* _Supplied material_
....

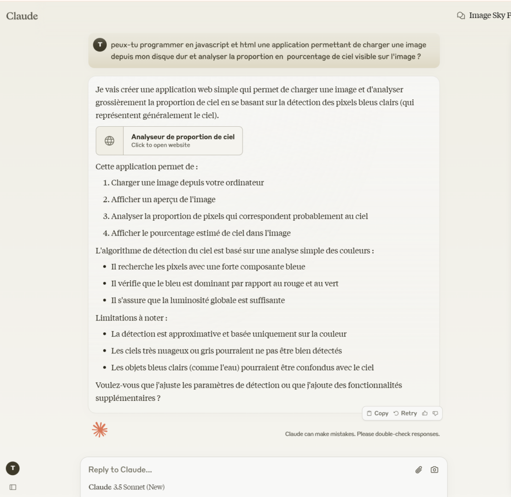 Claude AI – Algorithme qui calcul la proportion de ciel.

....

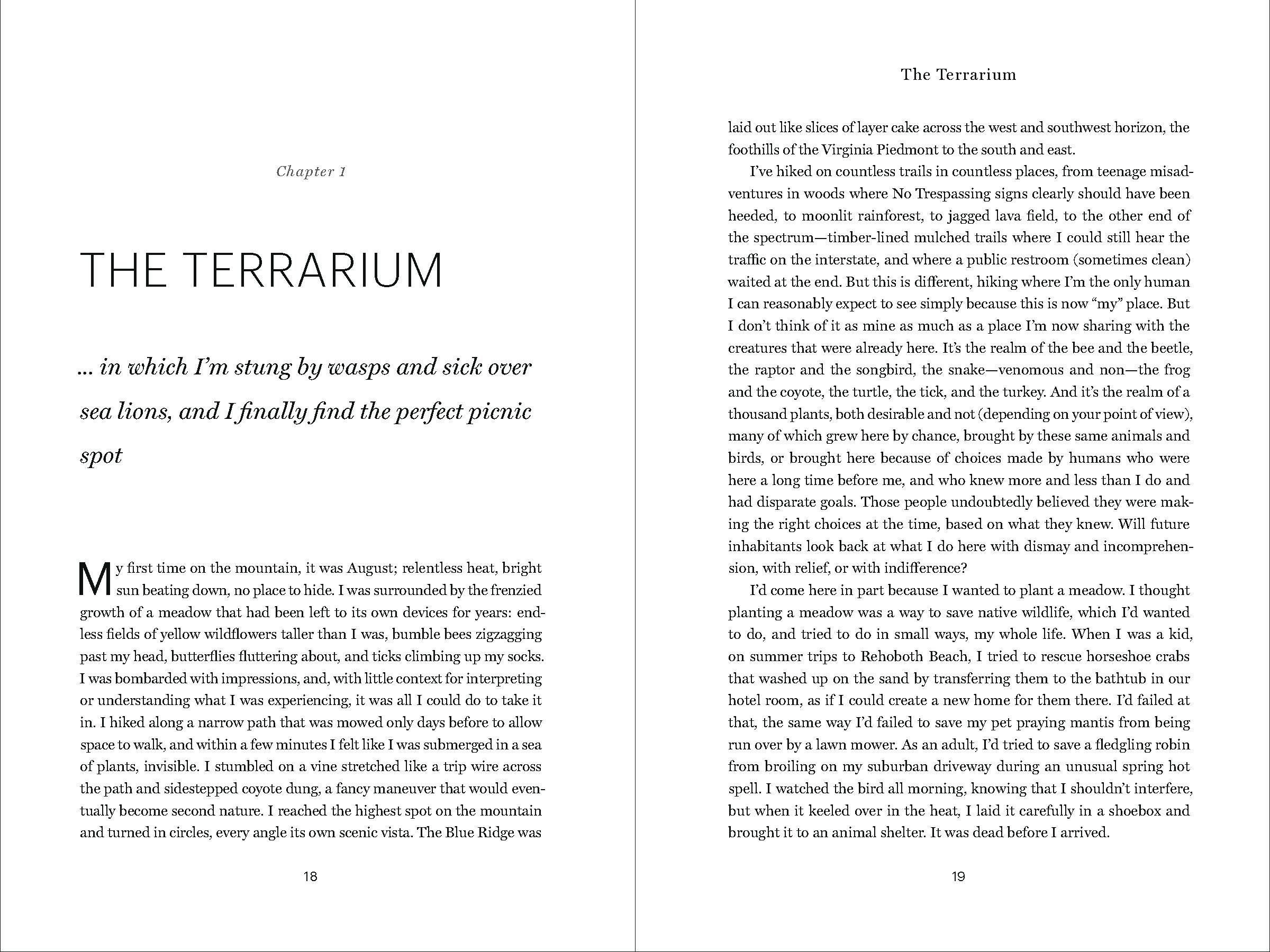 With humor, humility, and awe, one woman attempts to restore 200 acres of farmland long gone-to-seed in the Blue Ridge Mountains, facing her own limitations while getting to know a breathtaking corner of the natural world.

....

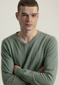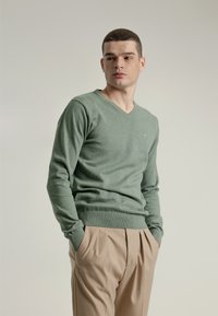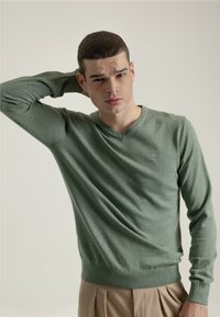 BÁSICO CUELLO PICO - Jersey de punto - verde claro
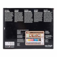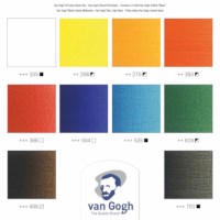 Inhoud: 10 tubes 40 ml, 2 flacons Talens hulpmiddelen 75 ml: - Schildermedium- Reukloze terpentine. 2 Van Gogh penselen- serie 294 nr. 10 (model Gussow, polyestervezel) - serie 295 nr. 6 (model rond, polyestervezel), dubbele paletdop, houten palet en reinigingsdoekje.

....

* _What is needed_
Among the records above, locate the line containing "BÁSICO CUELLO PICO" and the line containing "Inhoud: 10 tubes", then transcribe exactly the lines starting at the first and ending at the second, with no pictures.

* _Solved problem_
 BÁSICO CUELLO PICO - Jersey de punto - verde claro
 Inhoud: 10 tubes 40 ml, 2 flacons Talens hulpmiddelen 75 ml: - Schildermedium- Reukloze terpentine. 2 Van Gogh penselen- serie 294 nr. 10 (model Gussow, polyestervezel) - serie 295 nr. 6 (model rond, polyestervezel), dubbele paletdop, houten palet en reinigingsdoekje.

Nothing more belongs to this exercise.